*Problem to solve*: I'd like the listing below copied exactly, with the images left out.

*Data extract*:
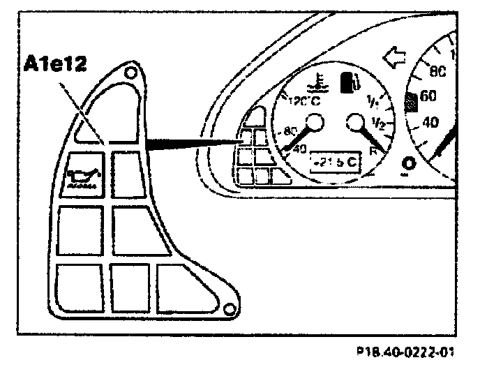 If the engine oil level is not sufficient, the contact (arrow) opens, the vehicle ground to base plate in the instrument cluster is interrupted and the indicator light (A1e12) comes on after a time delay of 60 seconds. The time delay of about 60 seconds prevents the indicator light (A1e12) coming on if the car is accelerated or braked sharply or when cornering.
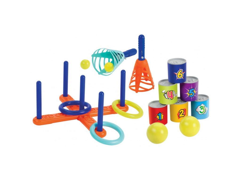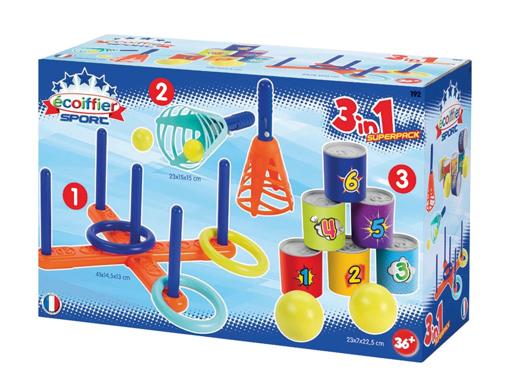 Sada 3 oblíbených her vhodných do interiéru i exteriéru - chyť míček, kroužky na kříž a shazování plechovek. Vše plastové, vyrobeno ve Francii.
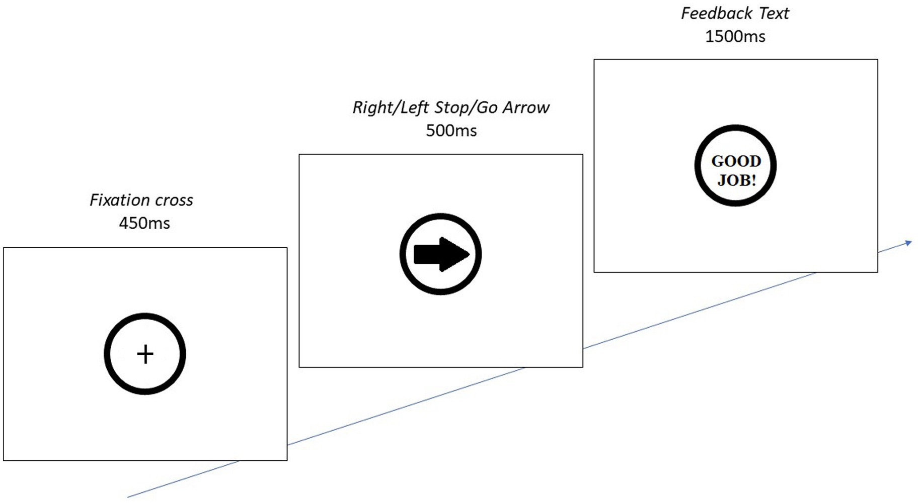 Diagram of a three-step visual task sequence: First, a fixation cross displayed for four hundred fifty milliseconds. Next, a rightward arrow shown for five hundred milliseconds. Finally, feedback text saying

*Task output*:
 If the engine oil level is not sufficient, the contact (arrow) opens, the vehicle ground to base plate in the instrument cluster is interrupted and the indicator light (A1e12) comes on after a time delay of 60 seconds. The time delay of about 60 seconds prevents the indicator light (A1e12) coming on if the car is accelerated or braked sharply or when cornering.
 Sada 3 oblíbených her vhodných do interiéru i exteriéru - chyť míček, kroužky na kříž a shazování plechovek. Vše plastové, vyrobeno ve Francii.
 Diagram of a three-step visual task sequence: First, a fixation cross displayed for four hundred fifty milliseconds. Next, a rightward arrow shown for five hundred milliseconds. Finally, feedback text saying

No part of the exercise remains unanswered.